To integrate a comprehensive view, two important dimensions should be taken care of. First, there are policies as well as institutional and other external factors that feed on each other; thus, a broader structure that supports these development policies should bring synergies and create an ecosystem wherein policy consistency matters more. Second, since the development policy process is iterative and complementing in nature (Hans, 2017; Kumar & Giri, 2020; Umar et al., 2019), therefore, the policy approach should evaluate aspects such as contextuality, efficacy, sustenance and relevance.

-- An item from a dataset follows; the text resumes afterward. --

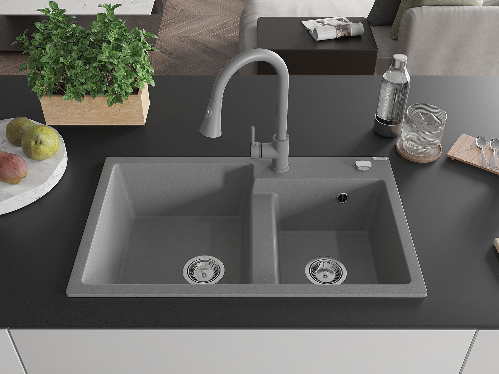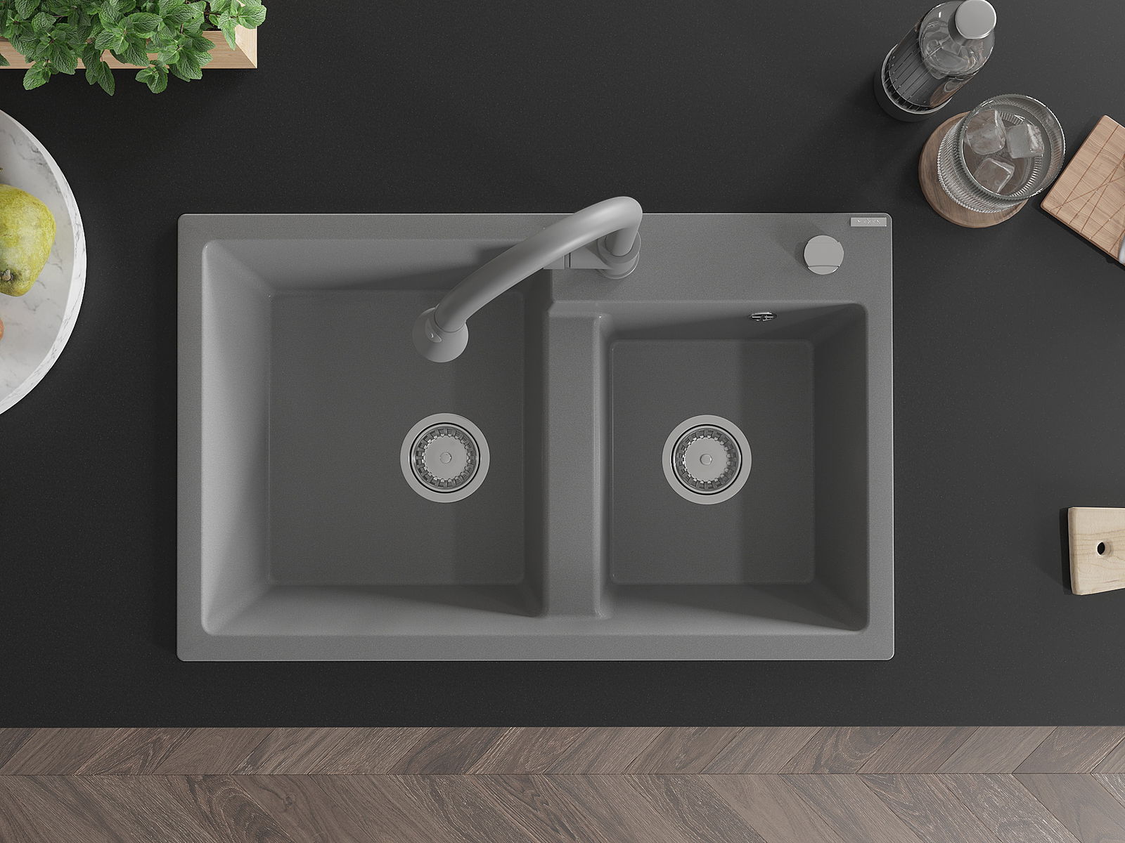 Suprafața chiuvetei este rezistentă la pete și decolorarea, datorită căreia este ușor de curățat și își păstrează culoarea mult timp. Estetică și practic completarea fiecărei bucătării.
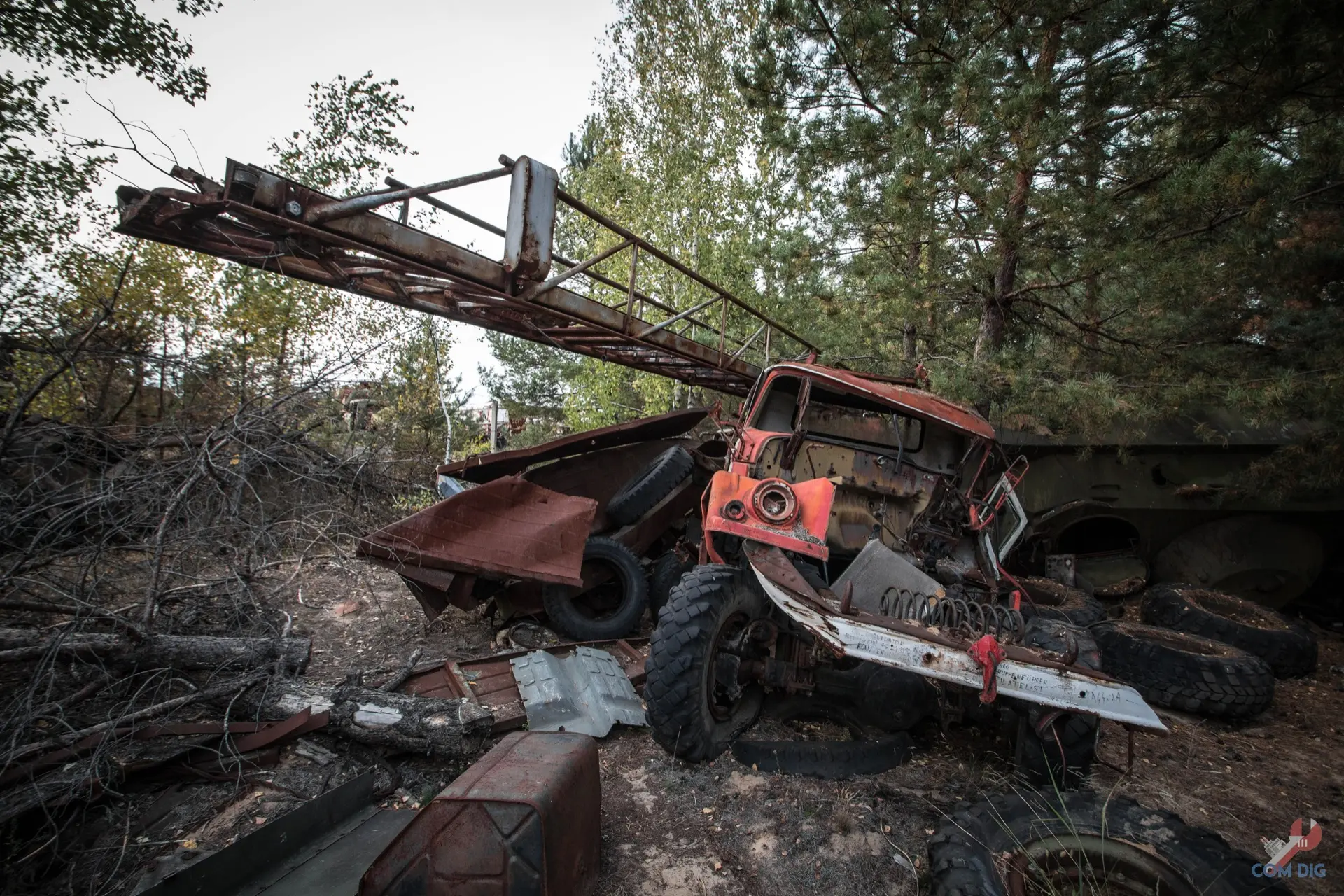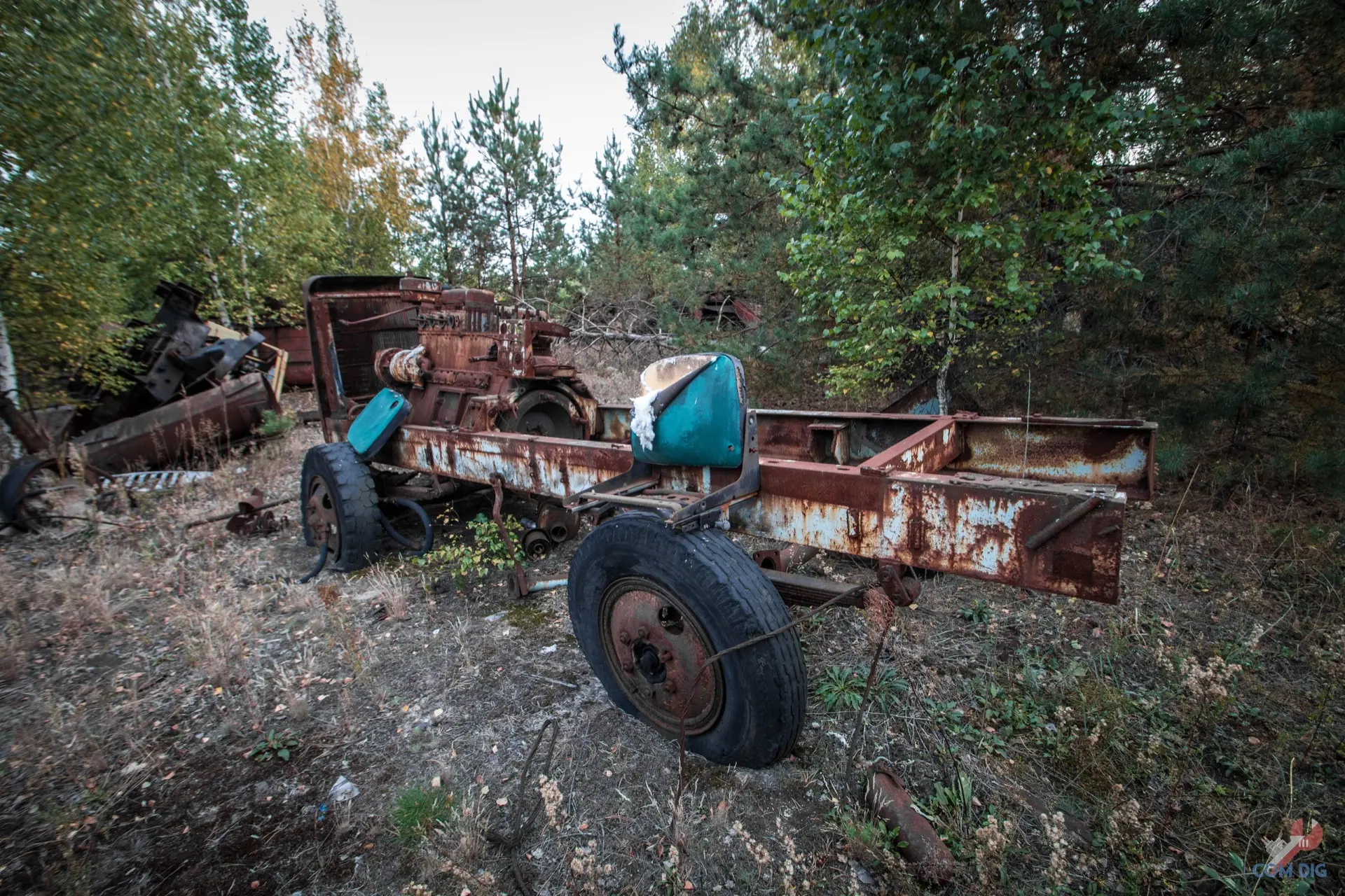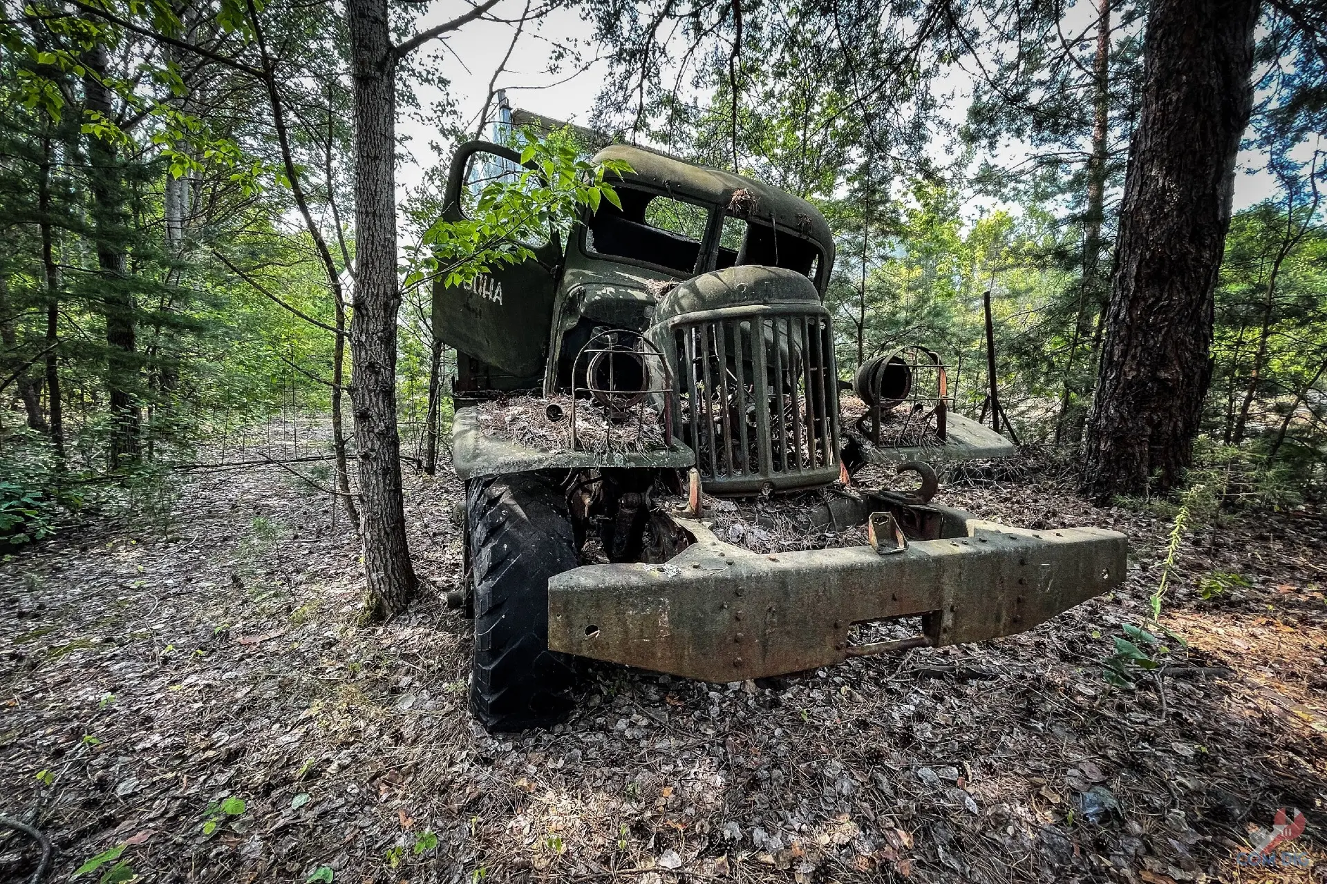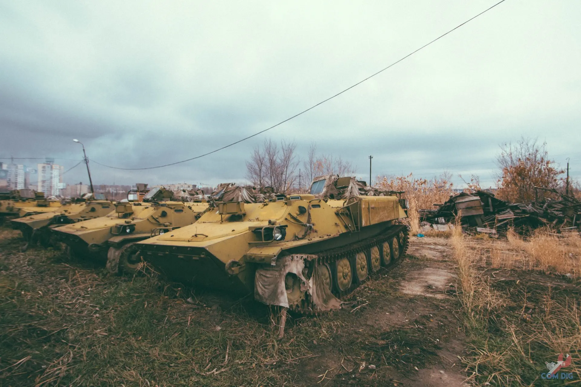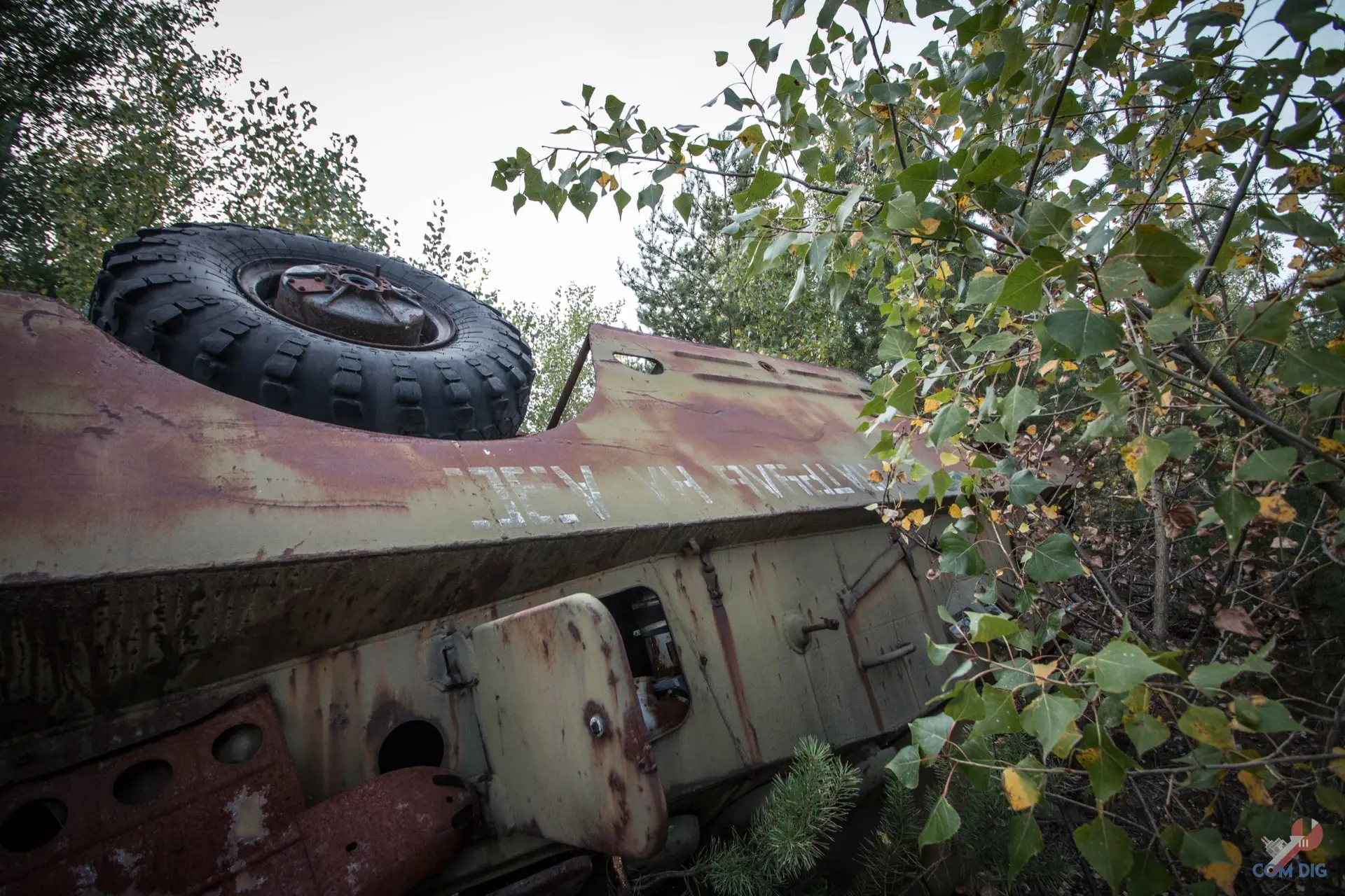 Недалеко от крупного отстойника радиоактивной техники «Буряковка» в Чернобыльской зоне есть небольшая поляна, затерянная в лесу. На ней разбросано множество единиц колёсной техники, от грузовиков до бронетранспортёров.

Finally, while we argue of a universal welfare architecture which should have a core basket of priority areas that could holistically improve wellbeing, it is imperative that the system should incorporate a flexibility-based bottom-up approach and adaptive mechanism. For example, in the case of MNREGA, there came several conflicts with the advent of technology (Khera, 2016, 2019). In addition, the findings for urban poor indicate limited interaction among development policies as households face ‘urban penalties’ (Kumar & Saiyed, 2019). These instances sketch an important narrative—improving SEWB is less likely unless there is holistic improvement in basic needs and individual capabilities. Otherwise, gaps between capabilities of the individuals and opportunity structure of the state could pose serious challenges to wellbeing.
Limitations and Future Research
Our study did reveal some interesting findings; however, in conclusion, we do acknowledge a few limitations and directions for future research. First, our empirical approach is based on two waves of IHDS data that limits our ability to infer strong causal relationships. Also, while we address effects of household characteristics on SEWB, we do not recognise any variable that addresses endogeneity issues. Thus, there might be a possibility of time-variant variables that correlate to changes in dependent and independent variables. Second, with the rapid expansion in the coverage of development policies and increased attention on subjective aspects, it is likely that future evaluations of development policies, perhaps with IHDS-III, show stronger impact of SEWB. Finally, the importance of development policies in emerging economies like India cannot be overstated. MNREGA with other social security initiatives not only provides a safety net to the poor and disadvantaged but also mitigates the ill-consequences of inequalities, exclusion and deprivations. Focus on comprehensive policy discourse will transform human potential and mitigate distributional concerns and thus contribute to an elevated sense of economic wellbeing.
Footnotes
Declaration of Conflicting Interests
The authors declared no potential conflicts of interest with respect to the research, authorship and/or publication of this article.
Funding
The authors received no financial support for the research, authorship and/or publication of this article.